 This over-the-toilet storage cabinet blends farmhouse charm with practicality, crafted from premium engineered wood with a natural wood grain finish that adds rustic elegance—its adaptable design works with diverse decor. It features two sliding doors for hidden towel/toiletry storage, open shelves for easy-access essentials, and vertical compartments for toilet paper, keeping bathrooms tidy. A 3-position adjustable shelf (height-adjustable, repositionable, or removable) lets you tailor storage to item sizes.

○ ○ ○ ○

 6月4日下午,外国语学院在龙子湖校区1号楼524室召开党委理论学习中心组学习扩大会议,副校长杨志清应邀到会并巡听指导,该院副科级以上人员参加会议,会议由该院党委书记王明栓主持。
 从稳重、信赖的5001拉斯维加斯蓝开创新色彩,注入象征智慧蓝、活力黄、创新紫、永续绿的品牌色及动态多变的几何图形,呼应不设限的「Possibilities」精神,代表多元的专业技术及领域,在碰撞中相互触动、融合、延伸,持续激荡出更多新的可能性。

○ ○ ○ ○

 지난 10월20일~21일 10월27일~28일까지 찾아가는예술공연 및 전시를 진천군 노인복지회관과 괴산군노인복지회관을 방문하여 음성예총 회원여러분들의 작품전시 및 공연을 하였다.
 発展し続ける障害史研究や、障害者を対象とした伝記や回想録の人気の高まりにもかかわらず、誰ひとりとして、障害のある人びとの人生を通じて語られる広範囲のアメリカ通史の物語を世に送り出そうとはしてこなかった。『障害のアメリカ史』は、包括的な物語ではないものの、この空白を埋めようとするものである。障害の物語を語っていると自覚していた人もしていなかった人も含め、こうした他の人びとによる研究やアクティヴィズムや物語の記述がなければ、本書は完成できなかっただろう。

○ ○ ○ ○

TASK PROMPT = Above are the records; copy exactly the lines from the line with "6月4日下午,外国语学院在龙" through the line with "从稳重、信赖的5001拉斯维", both included.

ANSWER SECTION =
 6月4日下午,外国语学院在龙子湖校区1号楼524室召开党委理论学习中心组学习扩大会议,副校长杨志清应邀到会并巡听指导,该院副科级以上人员参加会议,会议由该院党委书记王明栓主持。
 从稳重、信赖的5001拉斯维加斯蓝开创新色彩,注入象征智慧蓝、活力黄、创新紫、永续绿的品牌色及动态多变的几何图形,呼应不设限的「Possibilities」精神,代表多元的专业技术及领域,在碰撞中相互触动、融合、延伸,持续激荡出更多新的可能性。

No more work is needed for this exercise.